We conclude the line should be drawn at viability, so that, before that time, the woman has a right to choose to terminate her pregnancy.…
The woman's right to terminate her pregnancy before viability is the most central principle of Roe v. Wade. It is a rule of law and a component of liberty we cannot renounce.…
We give this summary:
- To protect the central right recognized by Roe v. Wade while at the same time accommodating the State's profound interest in potential life, we will employ the undue burden analysis as explained in this opinion. An undue burden exists, and therefore a provision of law is invalid, if its purpose or effect is to place a substantial obstacle in the path of a woman seeking an abortion before the fetus attains viability.
- We reject the rigid trimester framework of Roe v. Wade. To promote the State's profound interest in potential life, throughout pregnancy, the State may take measures to ensure that the woman's choice is informed, and measures designed to advance this interest will not be invalidated as long as their purpose is to persuade the woman to choose childbirth over abortion. These measures must not be an undue burden on the right.
- As with any medical procedure, the State may enact regulations to further the health or safety of a woman seeking an abortion. Unnecessary health regulations that have the purpose or effect of presenting a substantial obstacle to a woman seeking an abortion impose an undue burden on the right.
- Our adoption of the undue burden analysis does not disturb the central holding of Roe v. Wade, and we reaffirm that holding. Regardless of whether exceptions are made for particular circumstances, a State may not prohibit any woman from making the ultimate decision to terminate her pregnancy before viability.
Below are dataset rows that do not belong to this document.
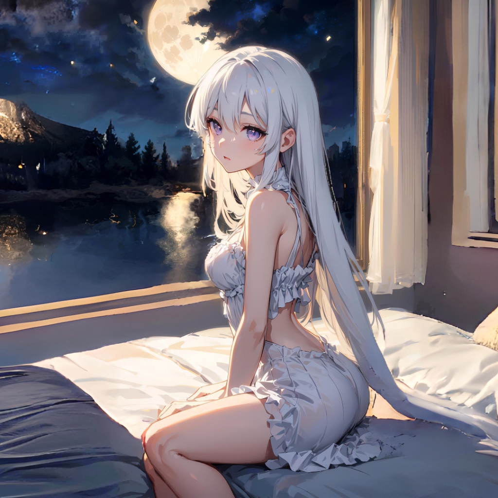 Download: anime girl white hair bed night stars lake mountain forest [Wallpaper Engine]
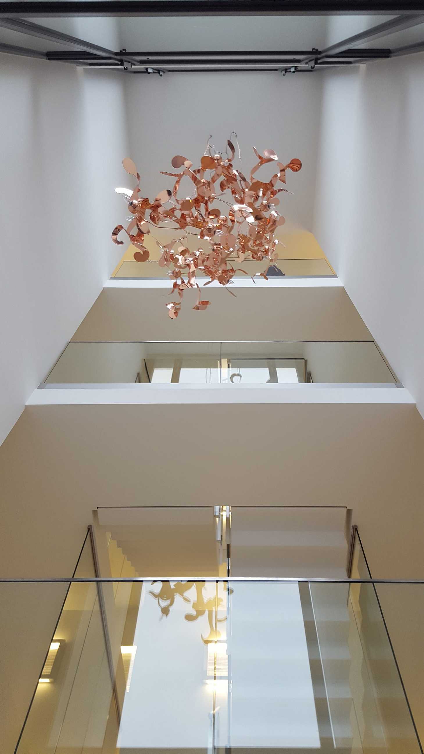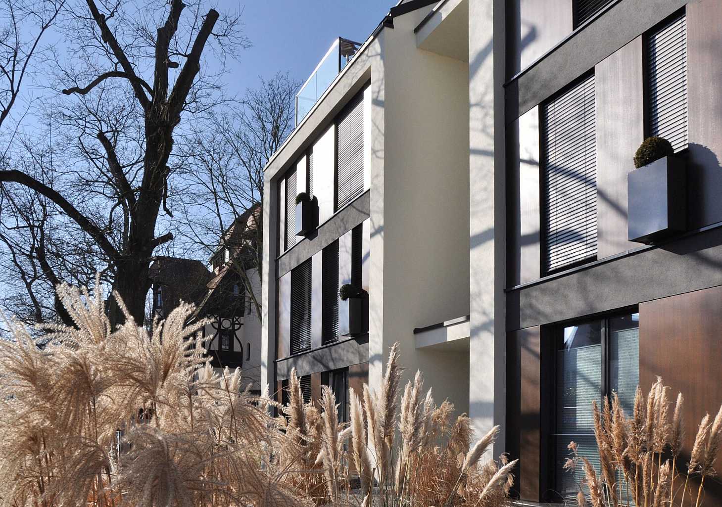 Das Haus verfügt über Tiefgarage, 20qm großen Terrassen, Wellnessbäder mit Sauna und ein großzügiges zentrales Treppenhaus im Stil der Gründerzeit. Der Baukörper ist in zwei Hälften gestaffelt und fügt sich so gefällig in die Reihe der umliegenden Denkmalvillen ein. Durch die Dachform und die edle Holzfassade wird die Brücke vom hochmodernen Wohnhaus zur örtlichen Bautradition geschlagen.
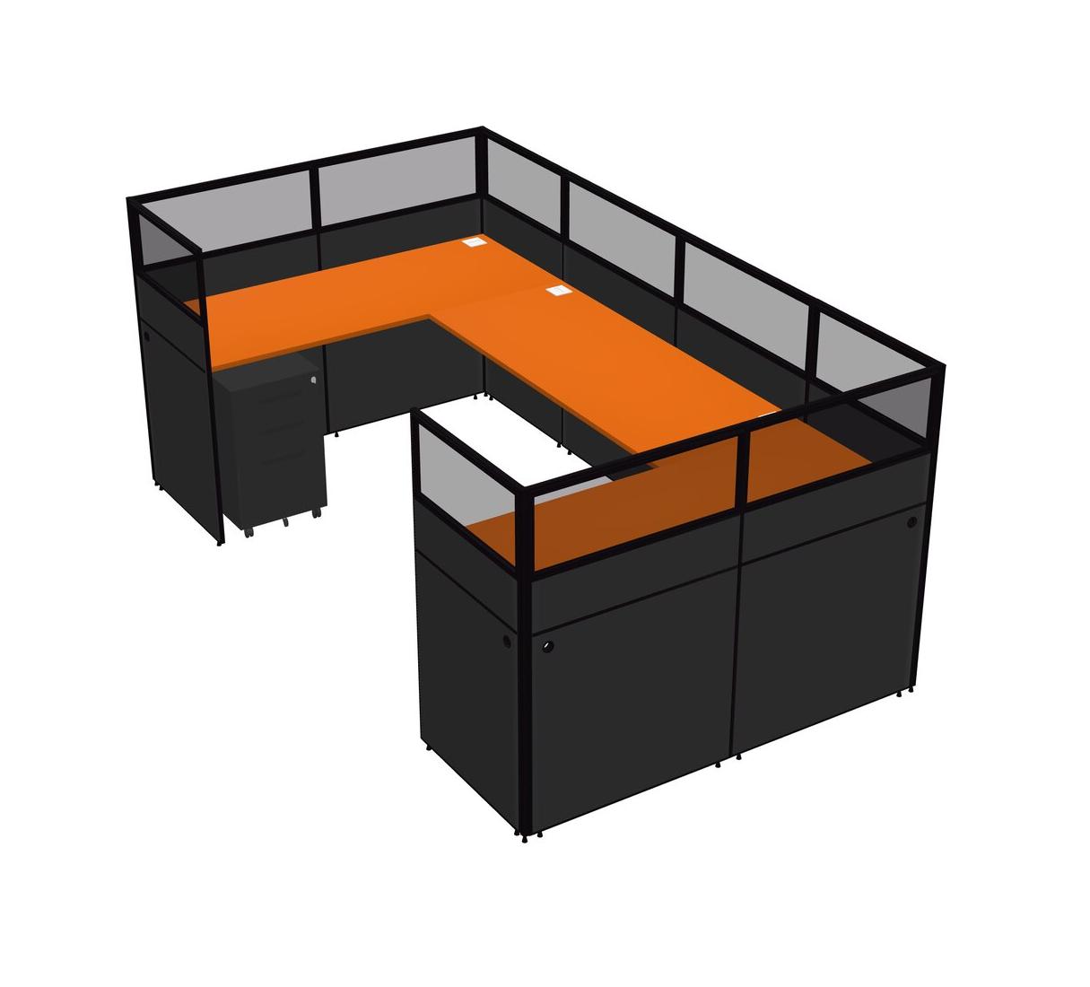 Système De Panneaux En U Orange Pour 1 Personne + Tiroirs Mobiles En Métal Pour 1 Utilisateur(s)

- We also reaffirm Roe's holding that, subsequent to viability, the State, in promoting its interest in the potentiality of human life, may, if it chooses, regulate, and even proscribe, abortion except where it is necessary, in appropriate medical judgment, for the preservation of the life or health of the mother.…
Chief Justice Rehnquist, with whom Justice White, Justice Scalia, and Justice Thomas join, concurring in the judgment in part and dissenting in part.
The sum of the joint opinion's labors in the name of stare decisis and "legitimacy" is this: Roe v. Wade stands as a sort of judicial Potemkin Village, which may be pointed out to passers-by as a monument to the importance of adhering to precedent. But behind the facade, an entirely new method of analysis, without any roots in constitutional law, is imported to decide the constitutionality of state laws regulating abortion. Neither stare decisis nor "legitimacy" are truly served by such an effort.
We have stated above our belief that the Constitution does not subject state abortion regulations to heightened scrutiny. Accordingly, we think that the correct analysis is that set forth by the plurality opinion in Webster. A woman's interest in having an abortion is a form of liberty protected by the Due Process Clause, but States may regulate abortion procedures in ways rationally related to a legitimate state interest.